You can meet them in school, or in lanes, or at sea,

in church, or in trains, or in shops, or at tea;

for the saints of God are just folk like me,

and I mean to be one too.


This hymn, the lyrics penned in 1929 by Lesbia Scott, was part of a set of Christian music meant for children. Written in Britain, it never became popular there, but it has become a beloved hymn in the Episcopal Church. It is recommended on All Saints Sunday. Here at the Church of the Heavenly Rest, it is almost our Baptismal Anthem. But, who are the saints, and why do we care?


Throughout the ages man has revered ancestors and many have called upon them to influence and provide wisdom. We are still fascinated by those who came before us, where we come from. Ancestry.com is big business.

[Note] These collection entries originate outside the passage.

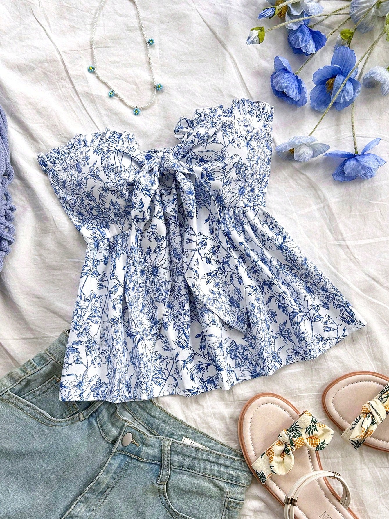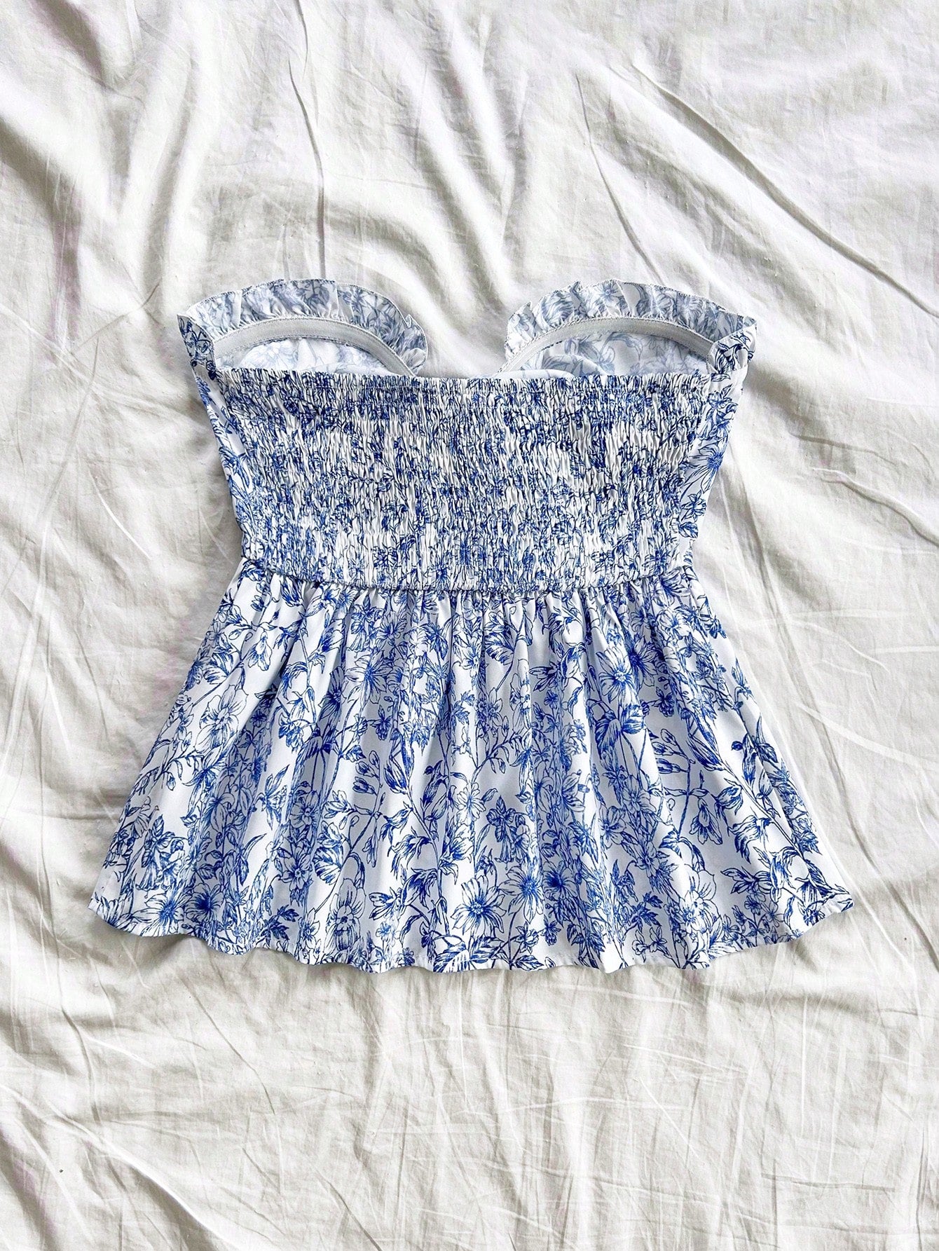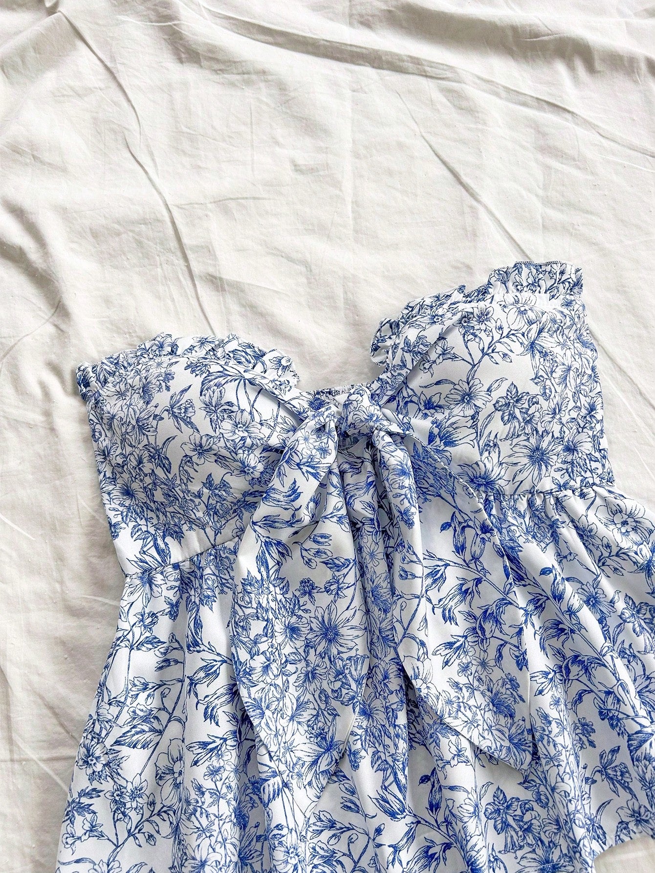 WYWH Vacation Casual Tie-Waist A-Line Ruffle Hem Bandeau Top
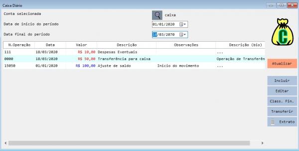 Esta opção permite rapidamente fazer uma transferência entre dois caixas diários, basta selecionar a conta destino e o valor e a função fará os lançamentos padronizados automaticamente. Obs: Não é possível fazer a transferência para outro tipo de conta.
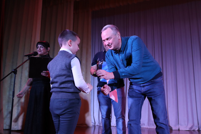 Міський голова Дмитро Зражевський спілкується з хлопчиком - переможцем конкурсу, міський голова в руці тримає медаль і сувенір для нагородження
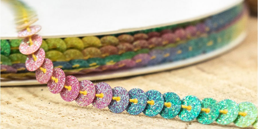 Κορδέλες και γιρλάντες με παγέτες και glitter.
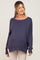 A maternity sweater featuring a crew neckline, ribbed trim, exposed seam detailing, long sleeves and side slits.

In 596 CE, a Christian missionary by the name of Augustine was sent from Rome by Pope Gregory the Great to establish Christianity in the British Isles. He was successful in kick-starting the conversion of many pagans. Today we know him as St. Augustine, first Archbishop of Canterbury. The practices Augustine and his companions found when they arrived included a fall festival, usually lasting three days, where crops were gathered and a new year was celebrated. This was the beginning of the dark half of the year. This celebration, Samhain is believed to be the origin of Halloween. The ancient Celts believed this was a liminal time, when the veil between worlds was the thinnest. This was the time when contact with ancestors was the most likely.


All Saints’ Day originated in May of 609 CE when Pope Boniface IV dedicated the Pantheon in Rome to the Blessed Virgin Mary, mother of Christ. Pope Gregory III later changed the date to November 1. And then, sometime in the 10th century, the Catholic priest St. Odilo of Cluny instituted All Souls’ Day—a day to pray for the souls of the deceased. This became the final and third day of Allhallowtide.


In the Episcopal Church, we remember Saints, not only on All Saints’ Day, but throughout the year. We celebrate Feast Days of persons who, even though they were human, with all the messiness that brings, dedicated themselves to opening their hearts and souls to God’s grace, and allowing God to work through them to accomplish great things. Saints are the superheroes of the Christian faith. We learn of their good deeds and strive to live as they did, lives walking in the ways shown to us by Christ.


Not everyone who has lived a good life is canonized and formally recognized as a Saint. But so many people we associate with every day have qualities worth emulating. We humans are fallible, we all fall short of the Glory of God but there truly are thousands of people, that if we look past the human-ness, have qualities we can admire. These are those people and qualities we celebrate on All Souls Day. And what an amazing celebration we have each year as we come together to remember those we love but we see no more.


I am grateful for not only the Saints of the church, but also for those who live life well, for those who I meet every day an I can say “I want to be like them when I grow up!”